The system follows a multi-phase workflow to ensure all models have responses and all responses are graded.

flowchart TD
    Start([Start CLI]) --> Init[Initialize Config & TokenTracker]
    Init --> Scan[Scan Directory for JSON Files]
    Scan --> Load[Load File Data into Memory]
    
    subgraph Planning [Task Planning]
        Load --> CheckGen[Identify Missing Generations]
        Load --> CheckGrade[Identify Ungraded Responses]
    end

    Planning --> Phase1[Phase 1: Concurrent Processing]
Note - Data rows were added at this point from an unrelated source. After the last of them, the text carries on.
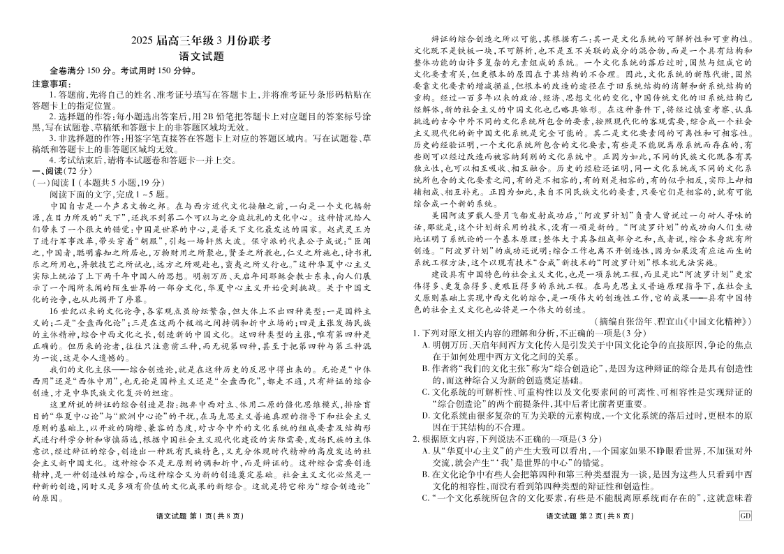 广东省衡水金卷2024-2025学年下学期3月高三大联考语文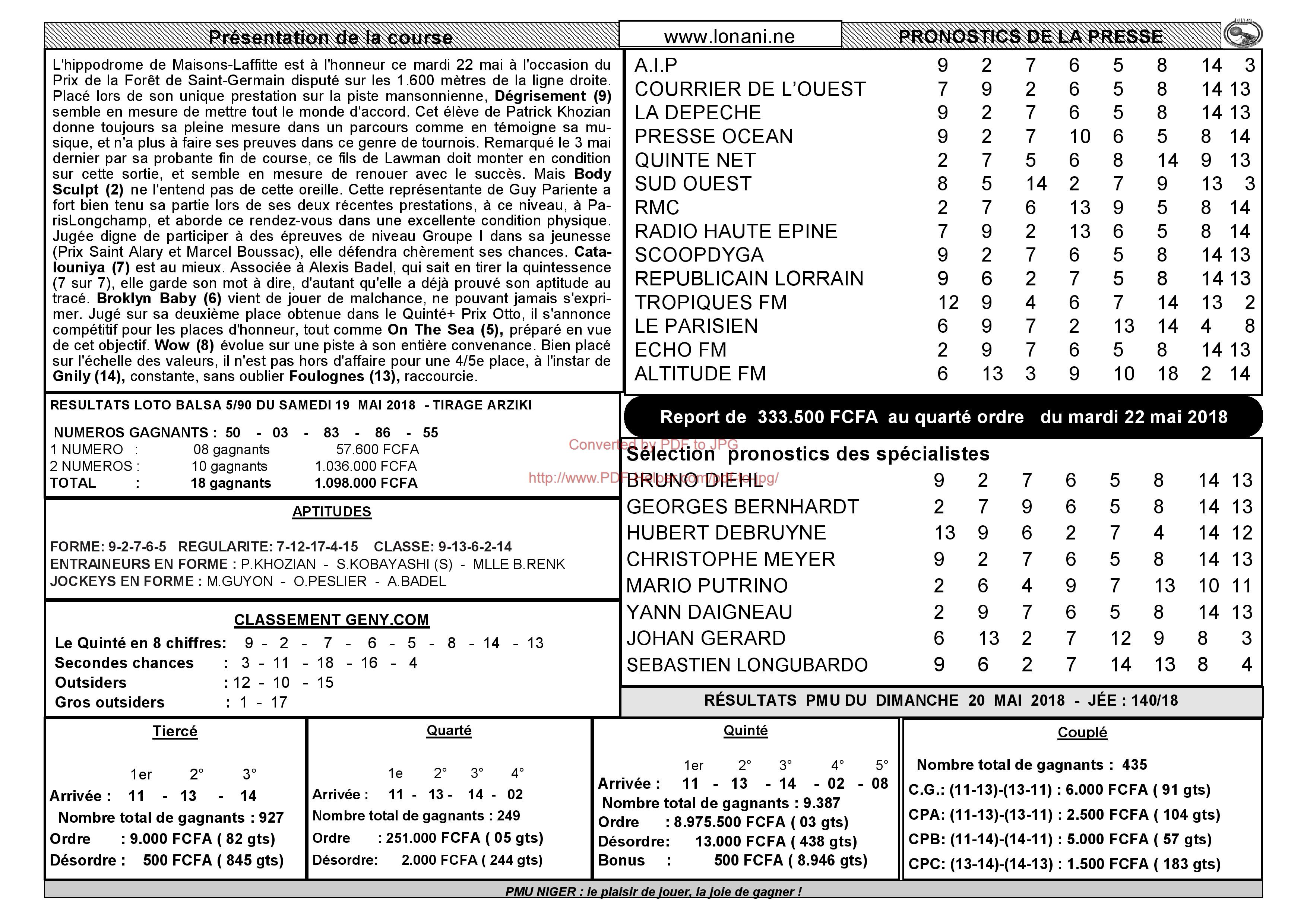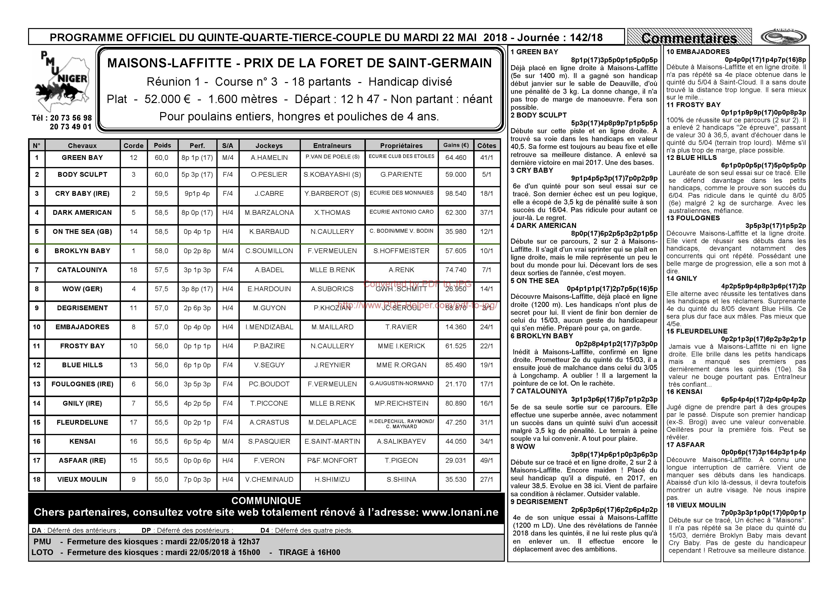 PROGRAMME OFFICIEL DU MARDI 22 MAI 2018 LONANI
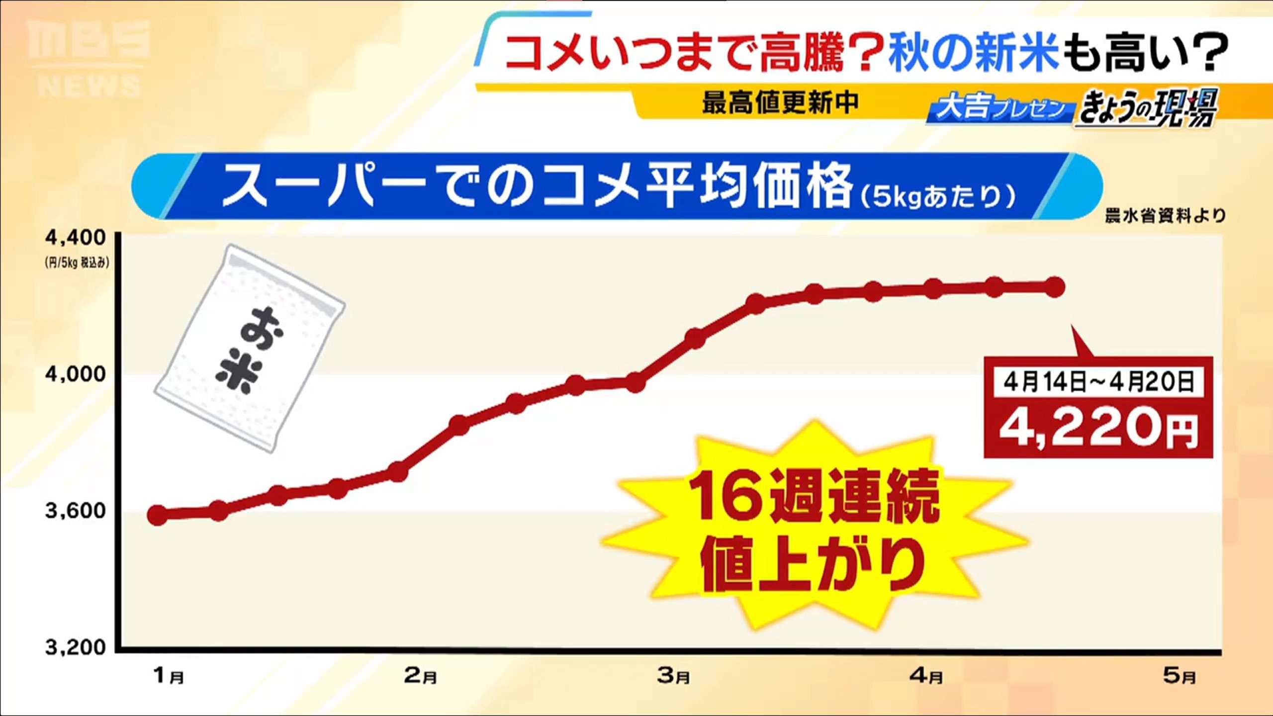 日本では1年で米の価格が倍になってる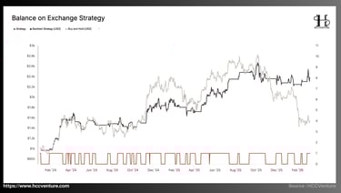 The Balance on Exchange Strategy clearly highlights the difference in performance between the two approaches. The Buy and Hold strategy peaked at around $2,800 by the end of 2025, accurately reflecting Bitcoin's strong upward momentum as the price reached cyclical highs.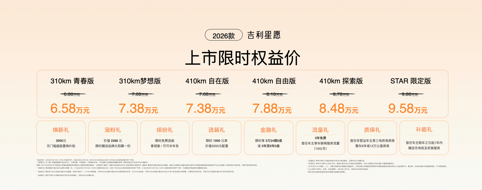 2025年是“智能吉利2025戰略”的收官之年,從“造老百姓買得起的好車”到“造每個人的智能精品車”,都是吉利的初心所在。截止今年9月,吉利銀河已經收獲了145萬用戶,成為中國新能源最快突破百萬銷量的品牌,也將在本月成為最快達成年銷百萬的新能源品牌。隨著2026款吉利星愿的上市,將助力星愿在累計銷量突破40萬輛、穩居全品類車型銷量冠軍的高基數上,進一步強化"現象級爆款"的市場號召力,驅動銀河品牌從市場的引領者,邁向未來出行生活方式的定義者。

    subgraph Phase1 [Concurrent Generation & Grading]
        direction TB
        P1_Gen[Task: Generate Response]
        P1_Grade[Task: Grade Response]
        P1_Gen -- LLM Client --> P1_LLM((LLM API))
        P1_Grade -- Judge Client --> P1_Judge((Judge API))
    end

    Phase1 --> ProcessResults[Process & Store Results in Memory]
    
    ProcessResults --> CheckRetry{Failed Generations?}
    CheckRetry -- Yes --> Phase2[Phase 2: Retry Failed Tasks]
    Phase2 --> P2_Gen[Generate Retry] --> ProcessResults
    CheckRetry -- No --> CheckNew{New Responses Generated?}

    CheckNew -- Yes --> Phase3[Phase 3: Grade New Responses]
    Phase3 --> P3_Grade[Grade New Models] --> ProcessResults
    CheckNew -- No --> Save

    Save[Save Updated JSON Files] --> Report[Generate Excel & JSON Reports]
    Report --> End([End])

    style Phase1 fill:#f9f,stroke:#333,stroke-width:2px
    style Phase3 fill:#bbf,stroke:#333,stroke-width:2px
Loading

Component Details

1. GradingOrchestrator

Located in src/omb/orchestrator.py. This class encapsulates the entire application logic. It maintains the state of all test files in self.file_data_map, which allows it to update results in-memory before writing them to disk.

2. Processing Module

Located in src/omb/processing/. Contains the core asynchronous functions:

  • generate_model_response: Handles prompting a generator model (e.g., via OpenRouter) to answer the question.
  • grade_single_model: Constructs a grading prompt containing the user query, model response, and rubric, then sends it to the Judge model to parse scores.

3. Clients

Located in src/omb/clients/. Abstracts the differences between various LLM providers. BaseLLMClient defines the interface, and subclasses handle specific API signatures (e.g., OpenRouter's OpenAI-compatible API, Ling1T's custom API).

4. Reporting

Located in src/omb/reporting/. Generates the final artifacts.

  • Excel Report: A comprehensive spreadsheet with color-coded scores, consistency checks, and cost breakdowns.
  • JSON Report: A machine-readable summary of the run.